Zebrafish Nagie oko (Nok) is a member of the conserved Stardust (Sdt)/protein associated with Lin7 subfamily member-1 (Pals1)/Mpp5 family of MAGUK proteins (Tepass and Knust, 1993; Kamberov et al., 2000; Hong et al., 2001; Bachmann et al., 2001). In addition to PDZ, SH3, 4.1 and GUK domains, Nok contains the evolutionarily conserved region 1 (ECR1) domain and a bipartite L27 domain (Fig. 1). Several of these domains have been shown to mediate direct binding to other cell-polarity proteins. Association with the transmembrane protein Crumbs (Crb) at the subapical region of Drosophila embryonic epithelia or at tight junctions of vertebrate epithelia is mediated through the PDZ domains of Sdt and Pals1 proteins (Bachmann et al., 2001; Hong et al., 2001; Roh et al., 2002; Hurd et al., 2003) (Fig. 1).

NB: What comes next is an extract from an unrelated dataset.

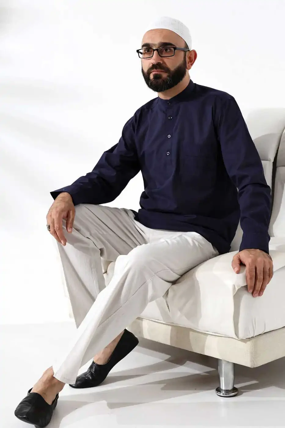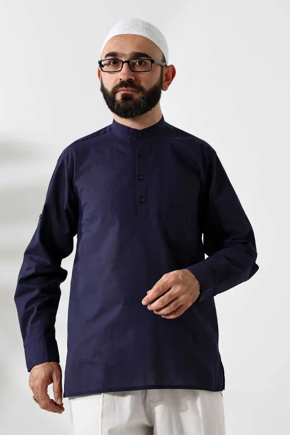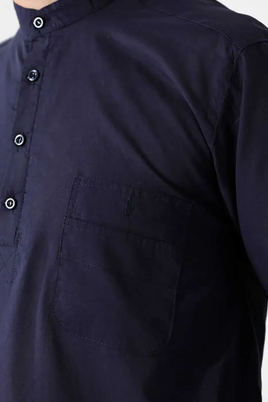 Мужская рубашка прямого кроя с воротником-стойкой, половинкой планки и карманами, 100% хлопок вуаль, темно-синий, для хаджа и умры, станет отличным выбором для повседневного использования. Благодаря своей свободной посадке и дизайну с воротником-стойкой, она обеспечит вам комфорт. Сделана из дышащей ткани 100% хлопок вуаль, которая сохранит прохладу вашей кожи в течение всего дня. Длинные рукава и карманы делают ее практичной в использовании, а однотонный рисунок и темно-синий цвет позволят с легкостью комбинировать ее с другими предметами гардероба. Прямой крой подарит вам свободу движений, а легкость вуали сделает ее еще более комфортной. Рубашка легко надевается и снимается благодаря застежке на пуговицах, что сэкономит вам время. Рекомендуется стирать ее при температуре 30 градусов в соответствии с инструкцией по уходу, что сделает ее идеальной для длительного использования.

The more N-terminal L27 domain (L27N) has been shown to mediate binding to Patj, another protein that associates with murine Pals1 at the tight junction (Roh et al., 2002), whereas the more C-terminal L27 (L27C) domain mediates binding to Lin-7 (Doerks et al., 2000). The Pals1 ECR1 domain is required for interaction with the PDZ domain of Par6 (Wang et al., 2004). However, interaction between the Pals1 ECR1 domain with Par6 is not essential for the maintenance of epithelial polarity within mammalian Madin Darby canine kidney (MDCK) epithelial cells (Wang et al., 2007).

In zebrafish, the nok, heart and soul (has)/prkci, and oko meduzy (ome)/crb2a mutations affect maintenance of cell polarity and epithelial integrity within the neural retina and the retinal pigmented epithelium (RPE) (Malicki and Driever, 1999; Wei and Malicki, 2002; Horne-Badovinac et al., 2001; Peterson et al., 2001; Omori and Malicki, 2006). In addition, nok and has/prkci regulate myocardial cell polarity, adhesion and cell-shape changes, which contribute to heart morphogenesis (Yelon et al., 1999; Horne-Badovinac et al., 2001; Peterson et al., 2001; Trinh et al., 2005; Rohr et al., 2006; Rohr et al., 2008). Phenotypic similarities between these mutants support the genetic and biochemical evidence from other systems for a direct interaction between the Crb-Nok and Par6-aPKC protein complexes.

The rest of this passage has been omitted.